Her androgynous look challenged conventional beauty norms, which led to Daily Express fashion editor Deidre McSharry boldly declaring Twiggy as “The Face Of ’66″ – a title which transformed the London teen to a global fashion icon.
Millennials might remember Twiggy’s stint as a judge on America’s Next Top Model for four cycles from 2005 to 2007. She hasn’t seen the controversial Reality Check: Inside America’s Next Top Model documentary, which questioned the ethics of the show, treatment of contestants and host Tyra Banks’ responsibility for the problems, but says she always got on “really well” with model and host Tyra Banks.
“I had very little to do with the part where the girls were in the house. I’d just turn up for judging and they’d come into the studio. I was kind of removed from it, really,” she says.
“It was a nice job. I did say to Tyra up front that I didn’t want to be the bad guy, because I’ve been one of those young girls. My heart went out to them, really.

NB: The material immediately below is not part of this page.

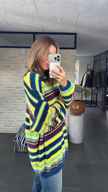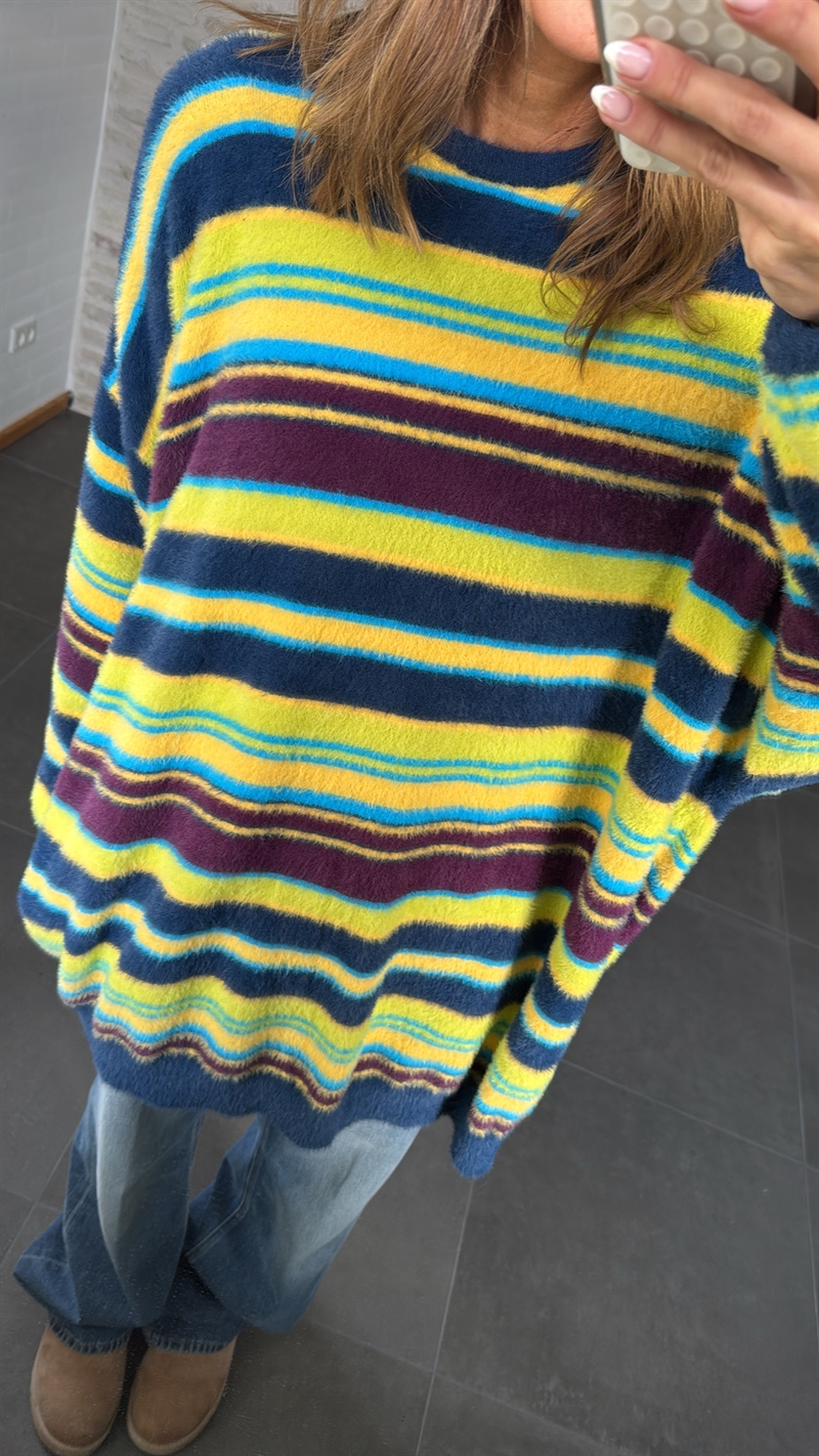 De multicolor striber tilfører et legende twist til det klassiske strikdesign, mens den løse pasform og runde hals gør den nem at style – både over en skjorte, kjole eller alene til et par jeans.

I said to her ‘If you want a bad guy, you’ve got to find somebody else’.”

Now 76, Twiggy reflects on the past 60 years she’s spent in the spotlight in a new documentary by director Sadie Frost.
Despite being offered to do documentaries “a few times over the last 20 years”, Twiggy says she didn’t feel simpatico with any of the directors. That was until Frost’s producers asked Twiggy if she’d feature the director on her podcast, to discuss the documentary she’d done on Mary Quant.
The pair joked on the episode that Frost should do Twiggy’s life next, and over lunch a week later, the deal was done.
“It’s quite a big decision to have your life told on a big screen. The first time I saw it, I cried through most of it. Sadie did a brilliant job. She and her team found things I’d never seen before. I’ve got endless photographs but to see my daughter as a little girl and my mum and dad, who aren’t here anymore, was very emotional,” Twiggy says.
Three years in the making, the well-paced telling of Twiggy’s many watershed moments are explored through a mix of archival footage and in-person interviews with magazine editors, modelling icons Pattie Boyd, Joanna Lumley, Brooke Shields and Kate Moss, alongside actors Sienna Miller and Dustin Hoffman.
“She changed the face of fashion,” fashion editor and author Suzy Menkes says in the film, because “she smiled. She smiled a lot.”

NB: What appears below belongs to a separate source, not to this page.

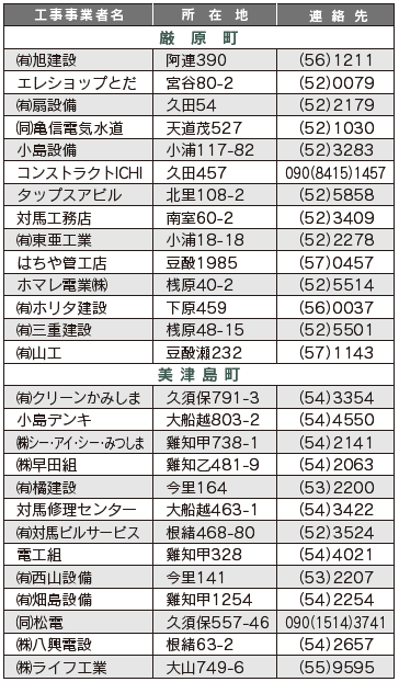 厳原町・美津島町…水道局水道課【電話】0920-52-0943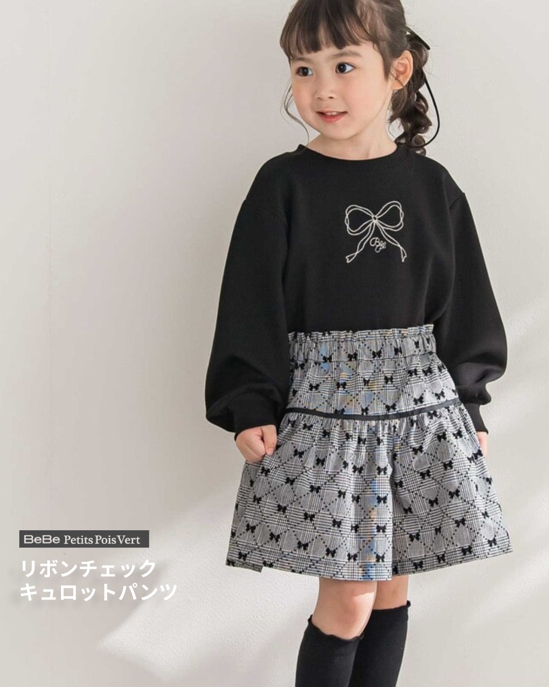 ブラックに映えるリボンとチャームが、甘すぎない可愛さのキュロットパンツ。

She was born Lesley Hornby in Neasden, northwest London, in 1949, the youngest of three daughters to parents William and Nellie. At age 13, enamoured by British youth subculture, Twiggy became a mod – a term emblematic at the time of anything trendy or fashionable. By age 16, Twiggy left school with her dad’s blessing and her career took flight.
“My dad was very worried that this would only last a couple of months,” Twiggy says.
“But wisely, he said, ‘If I don’t give you this chance now, we’ll never know and you might end up being angry at me’. It was a wise decision for a dad to make, and the only stipulation he made was that I had to have a chaperone [her then boyfriend Justin de Villeneuve] with me. He was an old-fashioned dad, very sensible and kind, and really loved me.”

Of all the influences in her early life, Twiggy holds McSharry in high regard, even travelling to Bath with a bunch of flowers to thank her after the film premiered in the UK last year.
“She was the one who was brave. I wasn’t trying to be somebody else. That’s just what I looked like,” Twiggy says of the moniker McSharry gave her 60 years ago.
“I had people I looked up to, like Jean Shrimpton, but I didn’t look anything like her. My look was very much mine – especially since I was a mod and was very into making my own clothes.”

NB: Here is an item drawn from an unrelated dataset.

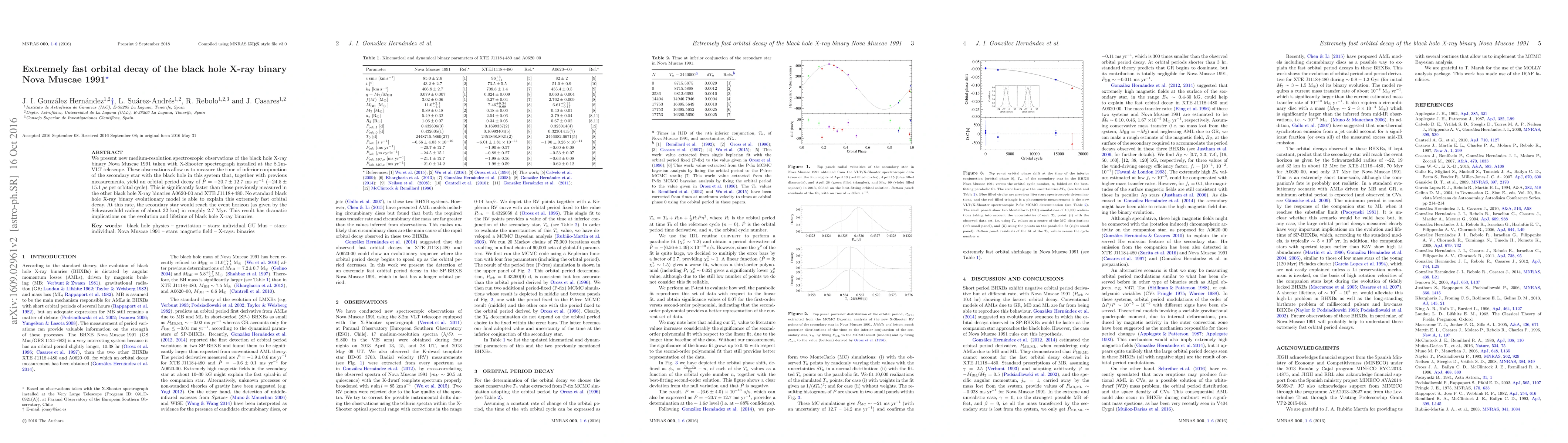 We present new medium-resolution spectroscopic observations of the black hole X-ray binary Nova Muscae 1991 taken with X-Shooter spectrograph installed at the 8.2m-VLT telescope. These observations allow us to measure the time of inferior conjunction of the secondary star with the black hole in this system that, together with previous measurements, yield an orbital period decay of $\dot P=-20.7\pm12.7$ ms yr$^{-1}$ ($-24.5\pm15.1$ $\mu $s per orbital cycle). This is significantly faster than those previously measured in the other black hole X-ray binaries A0620-00 and XTE J1118+480. No standard black hole X-ray binary evolutionary model is able to explain this extremely fast orbital decay. At this rate, the secondary star would reach the event horizon (as given by the Schwarzschild radius of about 32 km) in roughly 2.7 Myr. This result has dramatic implications on the evolution and lifetime of black hole X-ray binaries.

A multi-hyphenate long before the term itself was coined, it was never written in the stars for the “Cockney kid” to model, act, sing or dance.
Looking back, she says what’s wonderful is the chance she was given by all the people who believed in her.
“Deidre McSharry changed my life completely, as did Leonard, who cut my hair. I had no plans to be an actress, singer or dance and then I became friends with [The Boyfriend director] Ken Russell. He opened up this world for me that I never had any ambition to do, but in a way it was nicer because everything was a wonderful surprise,” she says.
Her performance in The Boyfriend earned her two Golden Globes (they still sit proudly on her mantelpiece). Then came her own TV show. A recording deal and a concert at the Royal Albert Hall. A Christmas special where she sang live with Bing Crosby. Clothing collections for Marks & Spencer. An 18-month run of My One And Only with Tommy Tune on Broadway. And much, much more.

Reflecting on the many strings to her bow, including being appointed as a Dame Commander in 2019, Twiggy says: “Everything has been a fantastic experience.” The self-proclaimed optimist looks fondly at her life and says she’s been “very blessed” to have been on this journey.
Despite her many achievements, Twiggy’s family life has always taken precedence over her work. Her preference these days is to pick and choose only projects she feels passionate about.
She met her now-husband, actor Leigh Lawson, at a dinner with friends in 1984 and says she fell “madly in love”.
“He was gorgeous physically, and also really sweet and lovely,” Twiggy says. They’ve been together 38 years.
Today, Twiggy is a proud grandmother to five grandchildren (two from her daughter, Carly, and three from stepson, Jason).

Twiggy counts the collection she designed with Marks & Spencer as a career highlight, a curated edit of tailored pieces that felt true to her own personal style, including a selection of brogues in different colours that she still wears to this day.
Not one to wear frilly dresses, Twiggy says she leans into structured silhouettes – waistcoats, trousers and brogues are on heavy rotation in her wardrobe.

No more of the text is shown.